I have a numpy array of roughly 3125000 entries the data is structured using the following dtype
我有一个大约3125000个条目的numpy数组,使用以下dtype构造数据
dt = np.dtype([('startPoint', '<u8' ), ('endPoint', '<u8')])
The data is from a file that has been previously sorted by endPoint before it is read into the array.
数据来自先前已被endPoint排序的文件,然后将其读入阵列。
I now need to search the array and check if it contains a particular endpoint and I'm doing this using a binary search using the following code
我现在需要搜索数组并检查它是否包含特定端点,并且我使用以下代码使用二进制搜索来执行此操作
def binarySearch(array, index):
lowPoint = 0
highpoint = len(array) - 1
while (lowPoint <= highpoint):
midPoint = int((lowPoint + highpoint) / 2)

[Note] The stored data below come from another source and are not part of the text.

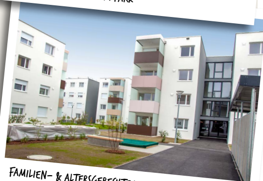
FAMILIEN- & ALTERSGERECHTE WOHNUNGEN IN EINER NEUEN WOHNIEDLUNG: STADTVILLEN IN EFERING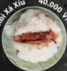
Xôi Xả Xiu 40.000 VND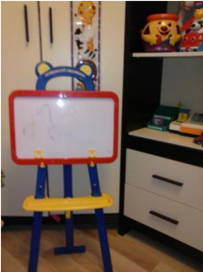
Магнитная доска (для магнит. карточек, букв и цифр)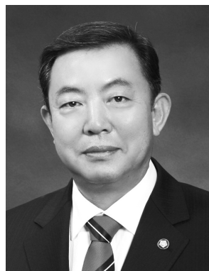
국회 교육위원장 이찬열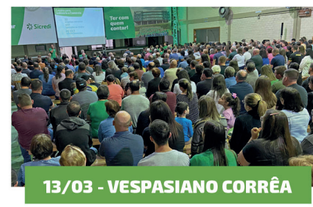
13/03 - VESPASIANO CORRÊA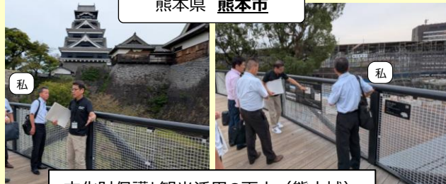
文化財保護と観光活用の両立（熊本城）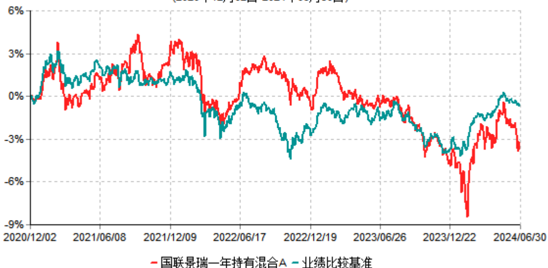
国联景瑞一年持有混合A累计净值增长率与业绩比较基准收益率历史走势对比图 (2020年12月02日-2024年06月30日)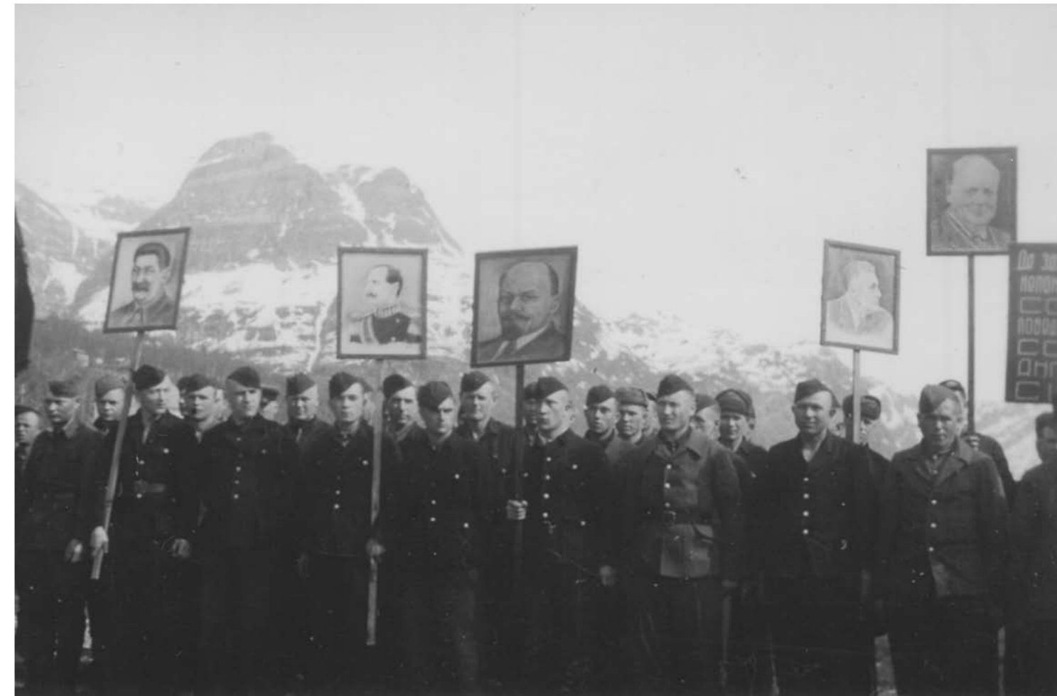
Sovjetiske krigsfanger i Bogen ved Narvik 1945. Советские военнопленные в Бугене под Нарвиком 1945 г.

Судьба вернувшихся домой советских военнопленных долгое время была предметом спекуляций. Западные авторы во многих случаях давали одностороннюю картину приема военнопленных советскими властями, фокусируя на расстрелах и на новом плену в штрафных лагерях. Из рассказов бывших военнопленных явствует, что их, как правило, по возвращении на родину подвергали основательной проверке. Современные исследования советского времени показывают, что более половины было отправлено прямо домой.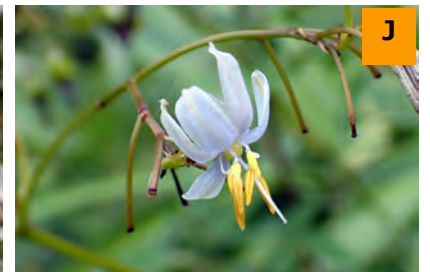
キキョウラン (結網山)

if(index == array[midPoint]['endPoint']):
return midPoint
elif(index < array[midPoint]['endPoint']):
highpoint = midPoint - 1
else:
lowPoint = midPoint + 1
return -1
My question is is there a faster way to search for an entry in this array. As in is there a built in Numpy search that may be faster than my binary search.

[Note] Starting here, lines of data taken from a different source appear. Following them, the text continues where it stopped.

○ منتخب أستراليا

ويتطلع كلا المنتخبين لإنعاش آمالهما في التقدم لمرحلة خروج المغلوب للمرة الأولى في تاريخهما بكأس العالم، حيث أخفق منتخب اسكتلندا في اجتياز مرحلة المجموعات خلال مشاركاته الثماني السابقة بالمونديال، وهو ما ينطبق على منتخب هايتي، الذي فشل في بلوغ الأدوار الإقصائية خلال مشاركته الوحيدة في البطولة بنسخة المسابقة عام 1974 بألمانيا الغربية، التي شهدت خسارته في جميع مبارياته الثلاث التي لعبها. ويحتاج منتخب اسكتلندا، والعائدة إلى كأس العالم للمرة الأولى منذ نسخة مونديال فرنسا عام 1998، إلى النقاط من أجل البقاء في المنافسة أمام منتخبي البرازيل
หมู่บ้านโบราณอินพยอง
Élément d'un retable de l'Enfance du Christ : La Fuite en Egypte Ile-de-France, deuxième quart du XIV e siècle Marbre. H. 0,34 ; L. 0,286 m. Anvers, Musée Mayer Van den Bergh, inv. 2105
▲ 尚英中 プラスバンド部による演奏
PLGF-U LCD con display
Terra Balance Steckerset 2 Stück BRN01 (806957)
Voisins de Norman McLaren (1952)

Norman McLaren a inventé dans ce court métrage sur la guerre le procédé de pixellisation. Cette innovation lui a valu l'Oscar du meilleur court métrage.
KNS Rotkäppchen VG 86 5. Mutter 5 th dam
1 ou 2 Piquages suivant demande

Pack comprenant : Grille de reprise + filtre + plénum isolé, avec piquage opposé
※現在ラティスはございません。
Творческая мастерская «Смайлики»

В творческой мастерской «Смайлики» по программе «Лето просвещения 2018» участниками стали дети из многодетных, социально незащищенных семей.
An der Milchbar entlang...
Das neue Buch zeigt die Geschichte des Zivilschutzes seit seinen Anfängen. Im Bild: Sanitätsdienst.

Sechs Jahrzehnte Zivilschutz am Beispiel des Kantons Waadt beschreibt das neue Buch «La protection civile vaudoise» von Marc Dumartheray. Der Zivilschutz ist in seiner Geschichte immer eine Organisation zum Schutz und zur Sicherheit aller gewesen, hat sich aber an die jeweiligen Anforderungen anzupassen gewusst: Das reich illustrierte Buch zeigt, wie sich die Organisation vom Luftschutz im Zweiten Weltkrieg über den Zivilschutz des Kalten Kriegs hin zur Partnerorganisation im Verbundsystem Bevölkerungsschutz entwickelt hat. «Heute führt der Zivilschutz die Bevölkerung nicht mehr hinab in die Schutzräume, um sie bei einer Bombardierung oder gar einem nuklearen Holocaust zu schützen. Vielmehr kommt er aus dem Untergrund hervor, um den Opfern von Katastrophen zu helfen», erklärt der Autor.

我的问题是有更快的方法来搜索此数组中的条目。因为有一个内置的Numpy搜索可能比我的二进制搜索更快。
1 个解决方案
#1
1
Try numpy.searchsorted
, also you can use memory mapping if the array is too large. searchsorted is implemented as binary search.
尝试numpy.searchsorted,如果数组太大,你也可以使用内存映射。 searchsorted实现为二进制搜索。
#1
1
Try numpy.searchsorted
, also you can use memory mapping if the array is too large. searchsorted is implemented as binary search.
尝试numpy.searchsorted,如果数组太大,你也可以使用内存映射。 searchsorted实现为二进制搜索。